I had been using BSNL Broadband with a Belkin N150 Wireless Modem + Router. But shifted to a Fiber To Home Service. It has a GPON ONT which provides a RJ45 output. I would like to know, if this can be used along with the Belkin Modem-Router with it functioning as a Router only. It doesn't have a Ethernet input port but 4 LAN output ports. I tried plugging it into one of the 4 output ports. The service connects, but it doesn't work for more than a single device at a time and the Router's setting page is unavailable as long as the Ethernet cable from the FTTH Modem is plugged into the LAN port.

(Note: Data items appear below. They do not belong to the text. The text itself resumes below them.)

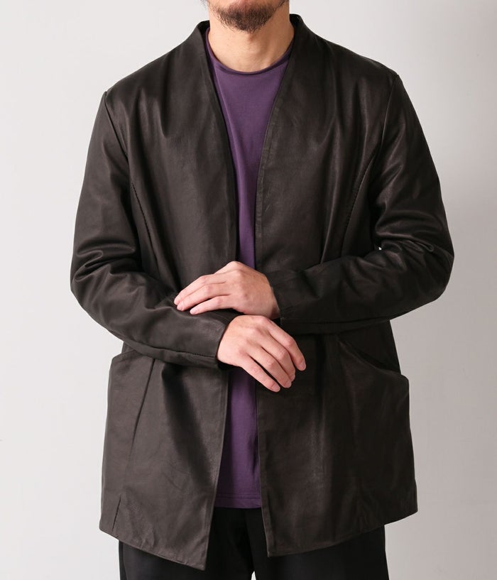 存在感のあるレザーカーディガン。やっぱりRIPVWNINWINKLEといえばレザーは欠かせないですよね。是非一度袖を通していただきたい大人のレザーカーディガンです。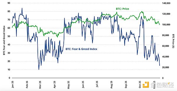 过去30天的价格走势对比特币持有者来说尤其不利,由于抛售压力巨大,比特币价格下跌了13%。自2025年10月10日以来,比特币ETP的余额减少了4.93万枚,约占总资产管理规模的2%。那些在价格接近峰值时买入的弱手在降息不确定性和人工智能发展前景不明朗的情况下纷纷抛售。更令人担忧的是,许多人将价格疲软的矛头指向了早期的比特币“巨鲸”。例如,一位“中本聪时代”的巨鲸在11月14日当周抛售了价值15亿美元的比特币,几乎清空了他的整个钱包。许多人认为,资深巨鲸往往会在比特币的关键节点通过买入或卖出比特币来预示长期走势。因此,加密货币社区的情绪变得悲观,恐慌/贪婪指数跌至2025年3月关税风波爆发以来的最低水平。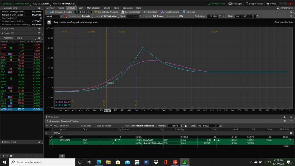 NVDA cost us $216, and we have more than a double on that currently. It would be very, very nice if this could go up another 5% or so in the next two days. The chart sets up well for it to have a chance.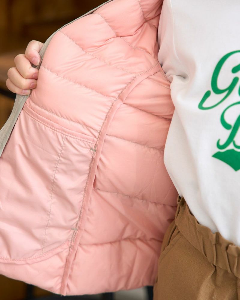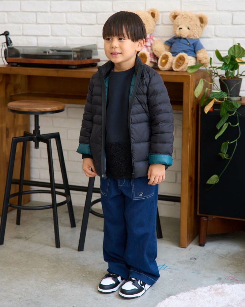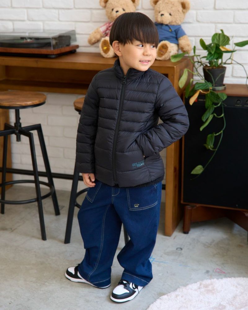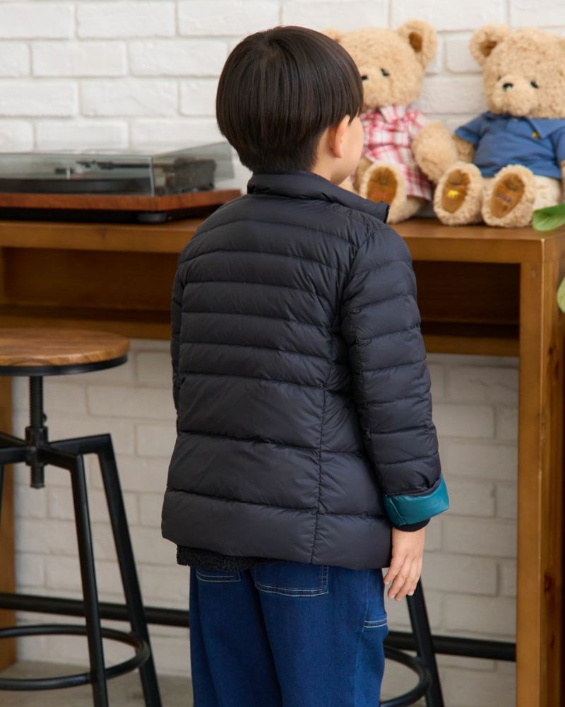 軽くて暖かいダウンジャケットは、一枚あると重宝するアイテムです。表地は撥水性に優れた高密度のナイロンタフタを使用し、裏地には静電気防止の効果がある生地を使い、不快な静電気を軽減します。ダウンには回収してきれいに洗浄した羽毛の有効活用を目指すグリーンダウンを使用しています。前中心ファスナーとドット釦開きで、スタンドカラー部分は身頃の2倍のダウンを入れボリュームをもたせています。身頃のボーダー状のステッチは、肩から裾に向けて巾を変えています。左前身頃の裾にブランドロゴの同色系転写プリント入れ、全体にスポーティな雰囲気に仕上げました。

Also, the FTTH service requires me to input the username and password as shown in the screenshot. Can I configure the router so as to avoid this while accessing Wi-Fi from phone.


----------



## whitestar_999 (Aug 2, 2015)

first you need to enable mac cloning/spoofing option in belkin model(see manual).second,you need to change the belkin ip to 192.168.2.1 in its settings(again see manual).note that by using one of the lan port belkin is essentially working as a switch/hub & in this case the option to dial wan connection(using saved username/password in belkin settings) will most likely not work though it can be tried.


----------